◆ Information supplied ◆
★ ★ ★ ★
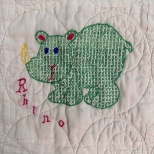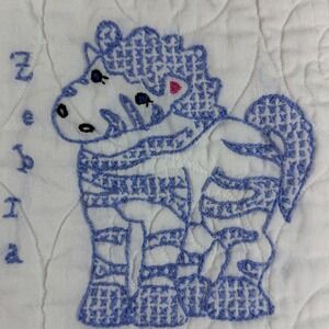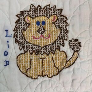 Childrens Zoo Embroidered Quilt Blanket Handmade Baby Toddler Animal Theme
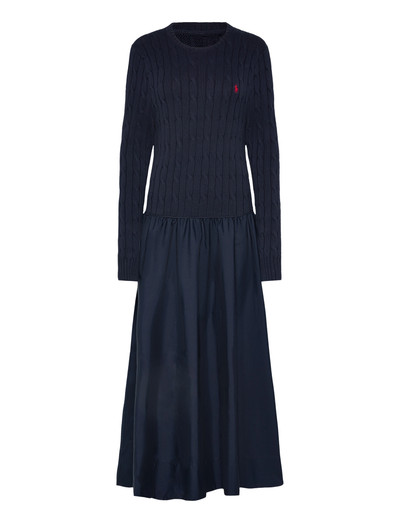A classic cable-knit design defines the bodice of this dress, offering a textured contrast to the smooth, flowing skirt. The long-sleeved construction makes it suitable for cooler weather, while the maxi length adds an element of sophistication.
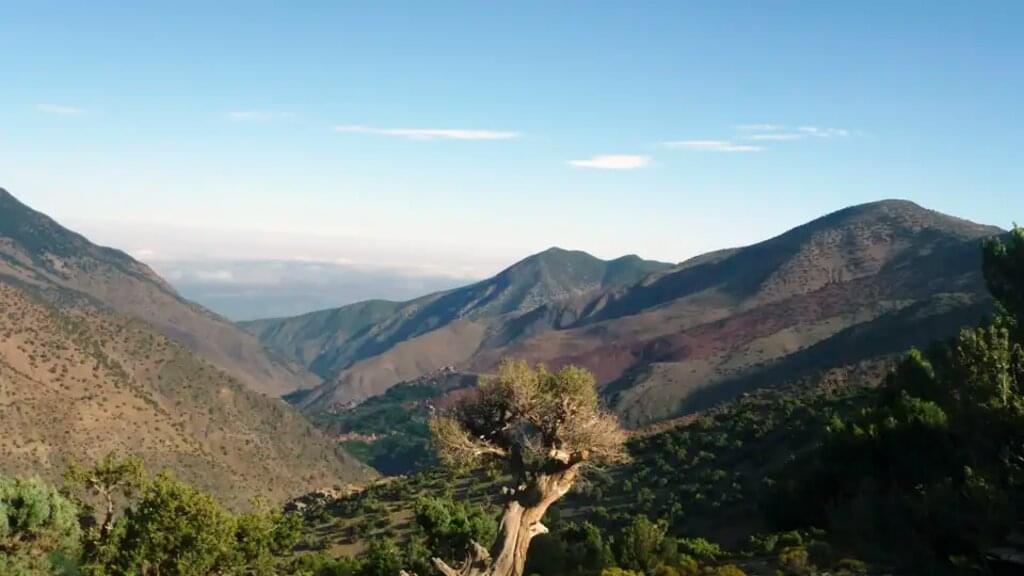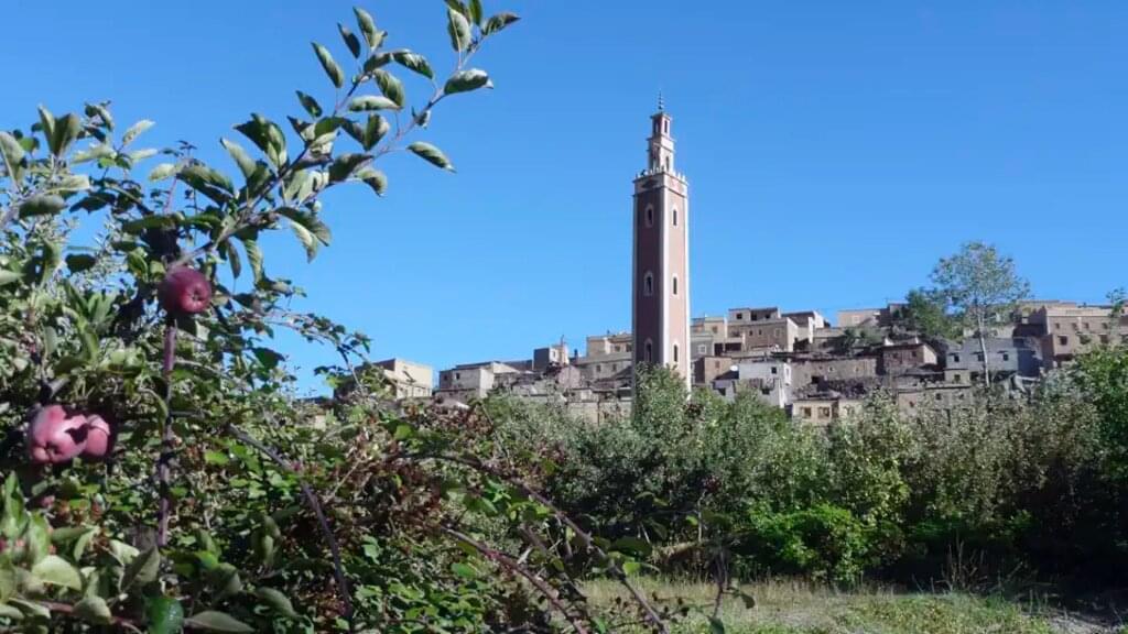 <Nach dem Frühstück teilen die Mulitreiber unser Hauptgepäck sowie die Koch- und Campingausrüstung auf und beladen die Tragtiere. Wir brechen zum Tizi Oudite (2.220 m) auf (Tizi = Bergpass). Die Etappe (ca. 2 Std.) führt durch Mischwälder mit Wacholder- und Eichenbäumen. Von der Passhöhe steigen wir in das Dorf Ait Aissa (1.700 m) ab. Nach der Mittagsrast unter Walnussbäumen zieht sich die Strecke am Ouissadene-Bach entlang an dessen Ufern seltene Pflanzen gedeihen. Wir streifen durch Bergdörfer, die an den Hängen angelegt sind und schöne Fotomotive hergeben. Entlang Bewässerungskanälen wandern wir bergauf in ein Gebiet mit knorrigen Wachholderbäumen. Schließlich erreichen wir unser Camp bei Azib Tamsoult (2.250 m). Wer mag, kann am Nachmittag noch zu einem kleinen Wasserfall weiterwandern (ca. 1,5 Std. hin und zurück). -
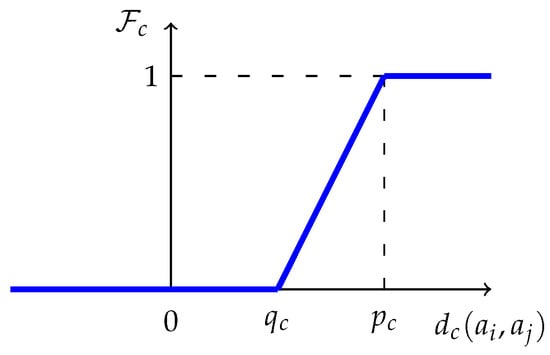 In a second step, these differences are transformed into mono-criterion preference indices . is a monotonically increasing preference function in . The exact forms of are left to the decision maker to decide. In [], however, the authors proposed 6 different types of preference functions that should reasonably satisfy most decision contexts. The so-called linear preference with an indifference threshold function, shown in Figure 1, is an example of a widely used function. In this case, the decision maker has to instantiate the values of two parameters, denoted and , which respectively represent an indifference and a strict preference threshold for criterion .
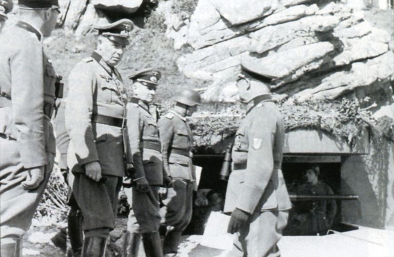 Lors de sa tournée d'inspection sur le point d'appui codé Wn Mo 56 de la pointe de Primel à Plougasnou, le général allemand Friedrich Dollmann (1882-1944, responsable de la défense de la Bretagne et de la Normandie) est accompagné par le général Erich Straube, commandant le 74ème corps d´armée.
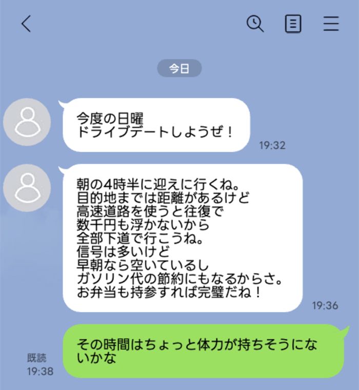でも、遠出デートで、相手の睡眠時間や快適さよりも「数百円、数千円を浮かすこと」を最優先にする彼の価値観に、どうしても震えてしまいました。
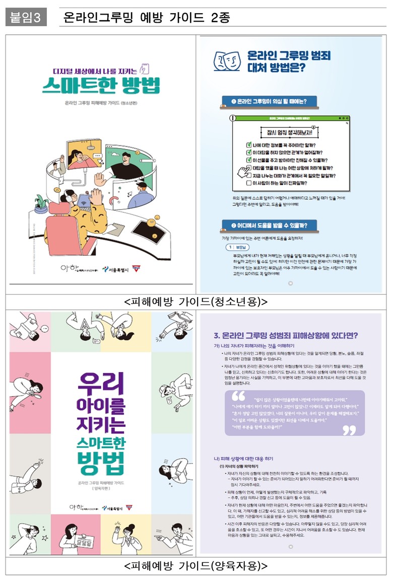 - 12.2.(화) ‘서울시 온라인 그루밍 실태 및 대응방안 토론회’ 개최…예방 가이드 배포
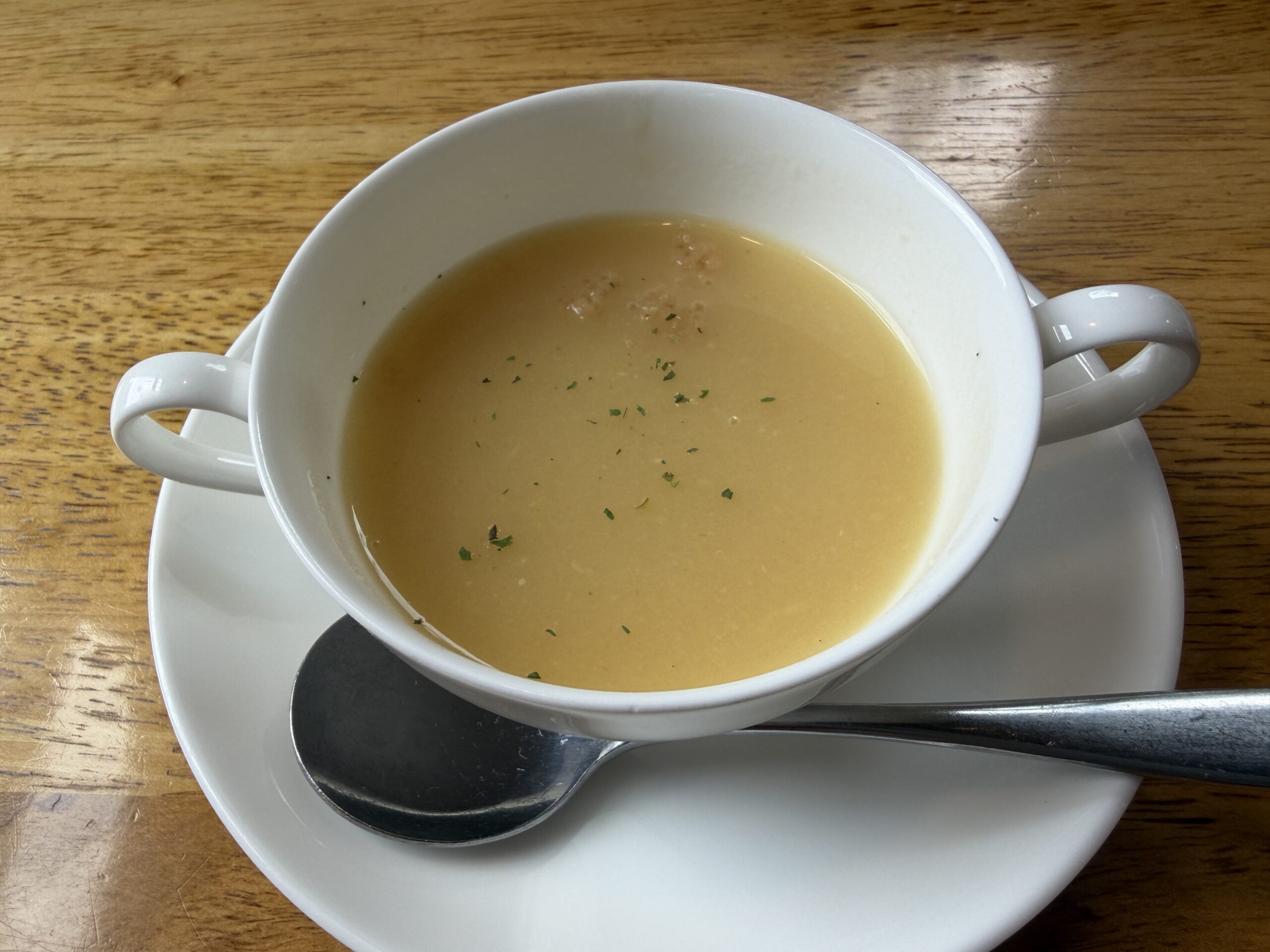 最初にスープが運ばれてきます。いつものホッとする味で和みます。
★ ★ ★ ★
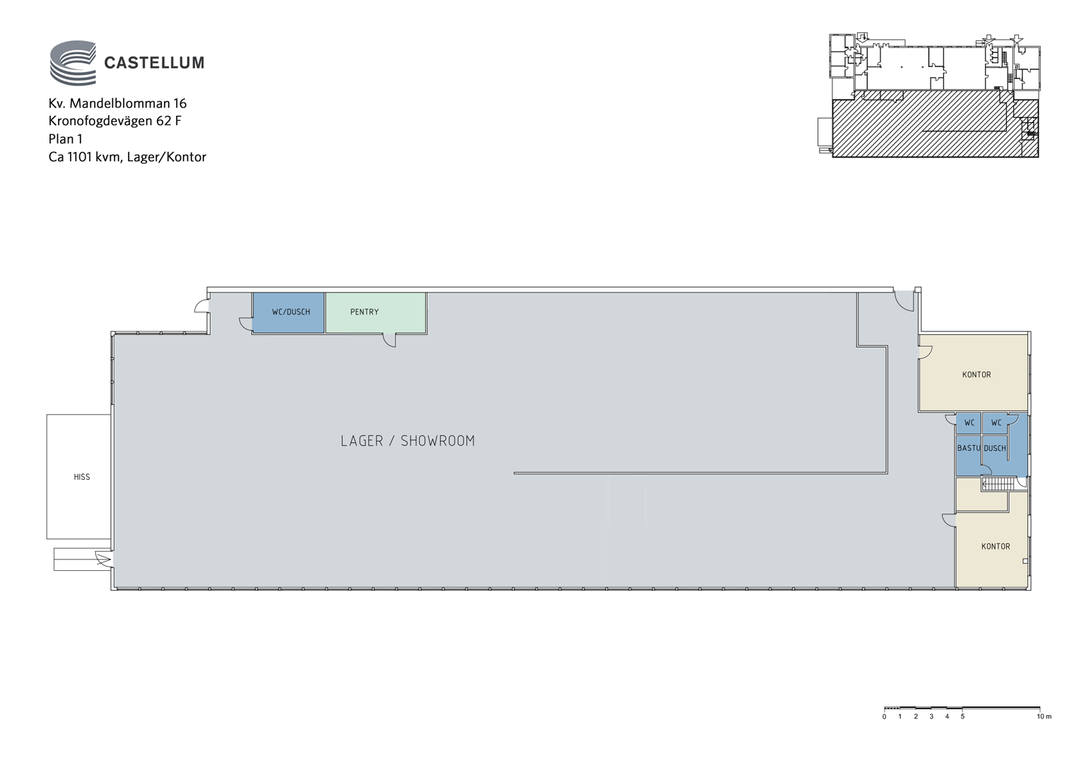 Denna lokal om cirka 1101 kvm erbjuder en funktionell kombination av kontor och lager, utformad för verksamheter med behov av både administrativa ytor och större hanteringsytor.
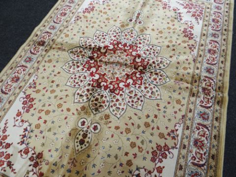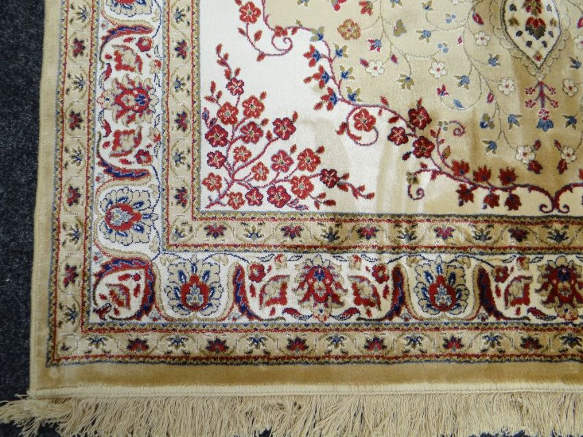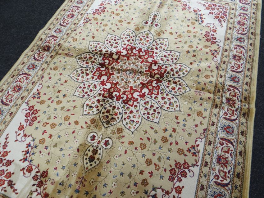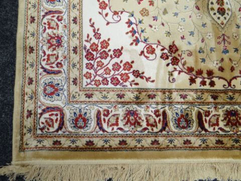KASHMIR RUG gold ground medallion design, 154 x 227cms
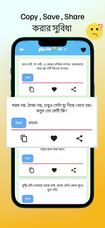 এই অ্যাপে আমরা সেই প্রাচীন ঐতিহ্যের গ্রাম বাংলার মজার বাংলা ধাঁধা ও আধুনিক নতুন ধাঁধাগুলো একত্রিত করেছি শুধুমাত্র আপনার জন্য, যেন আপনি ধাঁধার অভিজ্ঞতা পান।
★ ★ ★ ★
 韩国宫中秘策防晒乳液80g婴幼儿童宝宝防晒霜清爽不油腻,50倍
★ ★ ★ ★
◆ Brief ◆
Nothing but the lines above from the one that has "- 12.2.(화) ‘서울시" down to the one that has "最初にスープが運ばれてきます。いつものホッとする味で和みます。" belongs in the answer, copied exactly, without pictures.

◆ Completed exercise ◆
 - 12.2.(화) ‘서울시 온라인 그루밍 실태 및 대응방안 토론회’ 개최…예방 가이드 배포
 最初にスープが運ばれてきます。いつものホッとする味で和みます。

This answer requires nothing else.